0

I'm implementing Karatsuba multiplication in Scala (my choice) for an online course. Considering the algorithm is meant to multiply large numbers, I chose the BigInt type which is backed by Java BigInteger. I'd like to implement the algorithm efficiently, which using base 10 arithmetic is copied below from Wikipedia:

procedure karatsuba(num1, num2)
  if (num1 < 10) or (num2 < 10)
    return num1*num2
  /* calculates the size of the numbers */
  m = max(size_base10(num1), size_base10(num2))
  m2 = floor(m/2)
  /* split the digit sequences in the middle */
  high1, low1 = split_at(num1, m2)
  high2, low2 = split_at(num2, m2)
  /* 3 calls made to numbers approximately half the size */
  z0 = karatsuba(low1, low2)
  z1 = karatsuba((low1 + high1), (low2 + high2))
  z2 = karatsuba(high1, high2)
  return (z2 * 10 ^ (m2 * 2)) + ((z1 - z2 - z0) * 10 ^ m2) + z0

Given that BigInteger is internally represented as an int[], if I can calculate m2 in terms of the int[], I can use bit shifting to extract the lower and higher halves of the number. Similarly, the last step can be achieved by bit shifting too.

However, it's easier said than done, as I can't seem to wrap my head around the logic. For example, if the max number is 999, the binary representation is 1111100111, lower half is 99 = 1100011, upper half is 9 = 1001. How do I get the above split?

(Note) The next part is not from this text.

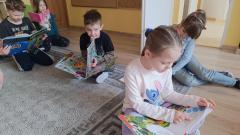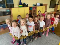 W związku z tym Pani Marzenka  zorganizowała  zabawy logopedyczne . Zawsze w poniedziałki dzieci z zaburzeniami mowy chodzą na zajęcia do Pani Marzenki- ćwicząc aparat mowy, oddech  i prawidłową artykulację głosek.

Note: There is an existing question that shows how to implement using arithmetic on BigInteger, but not bit shifting. Hence, my question is not a duplicate.

Abhijit Sarkar
  • 21,927
  • 20
  • 110
  • 219
  • To use bit shifting, of course the base must be a power of two. The last answer of the linked question does use bit shifting. – harold Nov 04 '18 at 20:38
  • @harold "last answer" is vague, perhaps you're referring to [this](https://stackoverflow.com/a/40126296/839733) answer, which happens to be a copy-paste from somewhere else with no explanation. I've no confidence in such answers, the only thing it shows is that the author has an internet connection. – Abhijit Sarkar Nov 04 '18 at 20:41
  • That may be, but it definitely shows a way to split the big integer, which seems to be the focus of this question – harold Nov 04 '18 at 20:48
  • @harold Question is, does it do that correctly? Using the formula from that answer `N = (N / 2) + (N % 2)`, and my example of 999, we get `N = 6, low = 100111 = 39`. How is that equal to the desired 99? – Abhijit Sarkar Nov 04 '18 at 20:50
  • You cannot use bit shifts to split 999 into 9 and 99, the base must be a power of two. So basically, stop desiring 99, you can't efficiently split it that way, but you can split 1111100111 down the middle. – harold Nov 04 '18 at 20:55
  • @harold that makes sense, I was mixing up the 2 bases. One last thing: why cutoff at 2000? If you care to post your comments as an answer to my question, I'll be happy to accept it. – Abhijit Sarkar Nov 04 '18 at 21:06

1 Answers1

1

To be able to use bit shifting to do the splits and recombination, the base needs to be a power of two. Using two itself, as in the linked answer, is probably reasonable. Then the "length" of the inputs can be found directly with bitLength, and the split could be implemented as:

// x = a + 2^N b
BigInteger b = x.shiftRight(N);
BigInteger a = x.subtract(b.shiftLeft(N));

Where N is the size that a will have in bits.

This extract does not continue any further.